しかし、一つのネットの書き込みが流れを変えることになった。

それは次の内容だった。


『本当にヒキコモリは人類の退化だろうか?

私は最近違和感を覚えるようになった。

実は人類の進化ではないかと。

キリンは高いところの食物を食べるために首が伸びた。

これと同じで人類が生き延びるためにヒキコモリが必要になったのではないか。

その危機とはエボラ出血熱や鳥インフルエンザなどである。

これらの感染症のもっとも有効な対策はヒキコモリになって、人と会わないということだ。
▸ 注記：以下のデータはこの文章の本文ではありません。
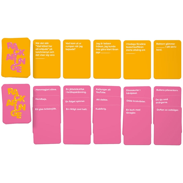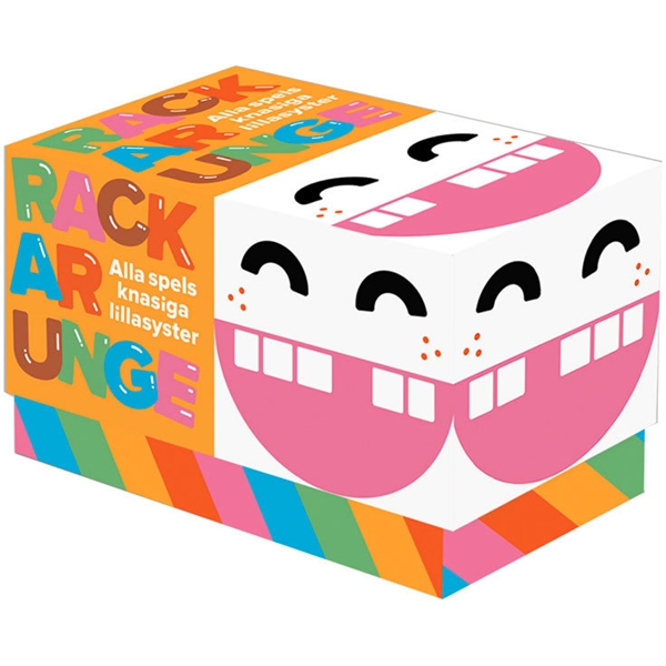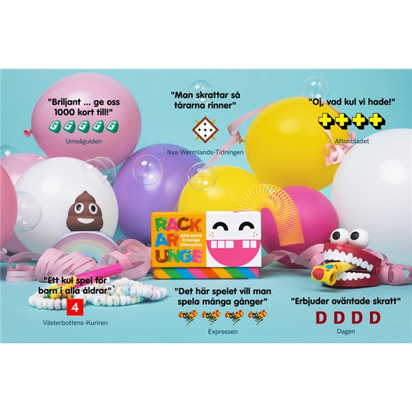 Rackarunge är den familjevänliga och färgglada varianten av det populära, vulgära festspelet Rackare. Det har sålts över 25 000 exemplar Rackare. Innehåll: 450 kort, 1 regelhäfteÅlder: 6+Antal spelare: 3-20 spelareSpeltid 30-60 minuter.
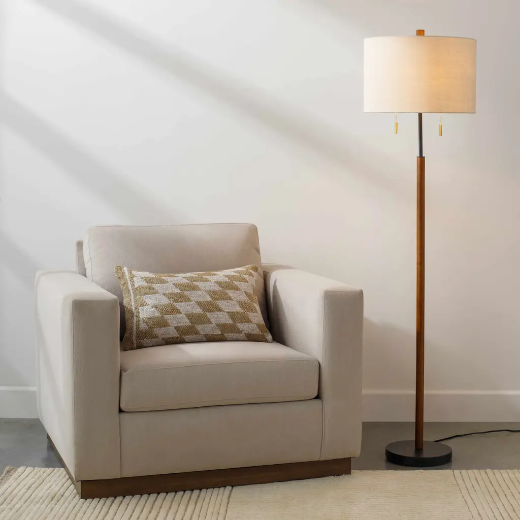 Collection: Ngomedzap Colors: Tan, Black, Beige, White Material: Body: Rubber Wood,Base: Iron,Shade (Outside): Linen,Shade (Inside): Polyester,Finial: Rubber Wood Styles: Contemporary Made In: China Lighting Type: Accent Floor Lighting Base: Iron Base Color: Black Shade Material: LinenPolyester Shade Color: WhiteBeige Cord Length: 8' Switch Type: Twin Pull Number of Bulbs: 2 Socket Type: E-26 Bulb Wattage: 60W
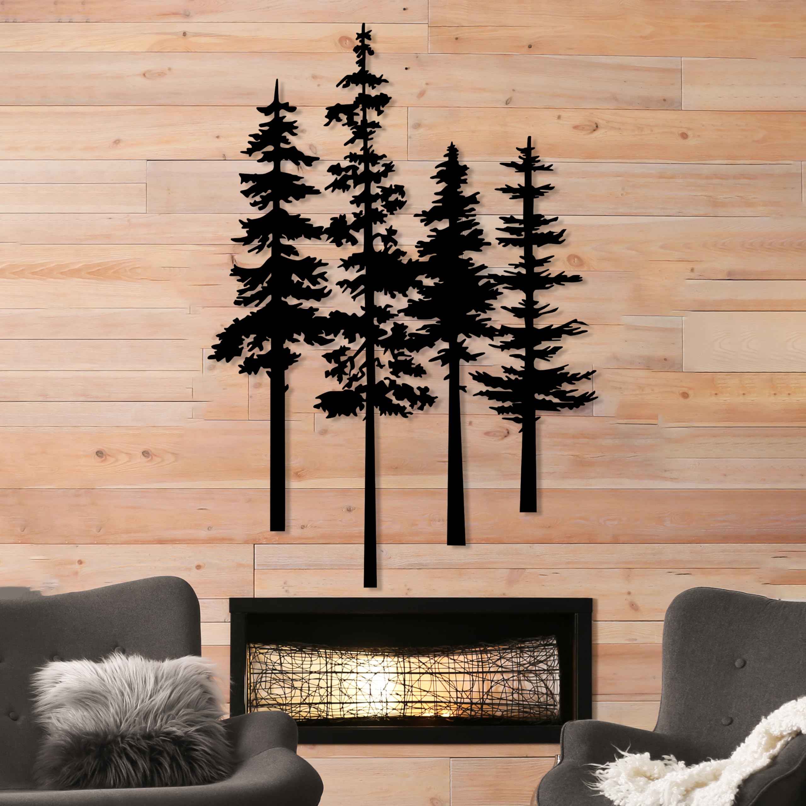 DecoSoul Pine Tree Metal Wall Art, Nature Lover Gift, Unique Farmhouse Decor, Forest Home Decor, Large Wall Art (Black-19.7x 13.7" / 50 x 35 cm)|Home & Garden
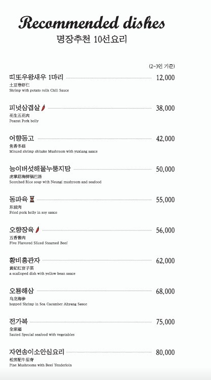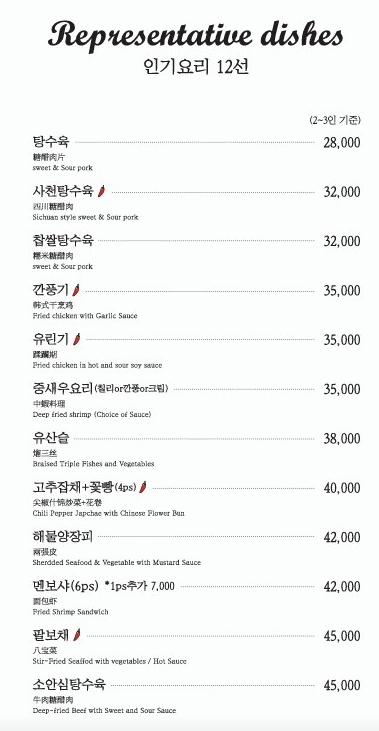 * 포장메뉴 "곱빼기"는 2,000원 추가입니다.

普通の人なら部屋にずっと閉じ込められたら、頭が変になってしまうかもしれない。

しかし、ヒキコモリなら1ヶ月くらいならわけないだろう。

ヒキコモリは、人類が絶滅の危機を回避するための防衛本能ではないだろうか。

ヒキコモリを非難する前に、人類の危機に備えるべきである。』







「藤崎さん、ありがとうございます」

男は頭を頭を下げた。

「お蔭でヒキコモリ批判の風が少し弱くなりました。

でも、あんな書き込みで…」

男はひきつった顔をしてまた頭を下げた。

「あんなって言ってすみません。

あのネットの投稿が呼び水になって、流れが変わると思いませんでした」


ある有力政治家がこれと同じような内容をテレビで話していた。

まあ、冗談交じりではあったが。

その直後、日本の隣国でエボラ出血熱がタイミング良く発生した。

もうエボラウイルスが日本に侵入するのは確実だった。

マスコミの報道は『エボラ』一色に代わり、『ヒキコモリ』への攻撃は一掃されていた。


「約束の成功報酬です」

男は厚みのある封筒をテーブルに置いた。

30万円入っているはずだ。


「よろしいんですか?

私が受け取って。

でも、なぜあなたはそんな依頼をしたのですか」


「はい、経緯はどうあれヒキコモリの批判が無くなりました。


実は、私もヒキコモリでした。

でも父親が倒れて…

経済的にどうしても働かなければならなくなりました。

ネットでみんなに助けてもらって…

いてもたってもいられなくなりました」


藤崎は笑顔で男の言葉を聞いた。

「もし、また何かありましたら」

彼は胸に手をあて、頭を下げる。

「名探偵にお任せあれ」

藤崎は何も言わずに男をそのまま見送った。

彼は知っていた。

男が藤崎に依頼するために、ネットで募金を集めていたことを。

その金額が30万円を超えているだろうことを。


藤崎は椅子に座り、大きく息を吐いた。

少し疲れたようだ。

まさかあの書き込みだけで納まるはずもない。

政治家やマスコミ関係者に根回しし、

タイミングを見計らっていた。

そして、隣国でエボラの発症を事前につかみ、計画を実行したのだった。

藤崎は利用されたのではなかった。

彼が男を利用したのだった。

藤崎は官僚が計画した『ヒキコモリ殲滅作戦』を潰したかっただけだった。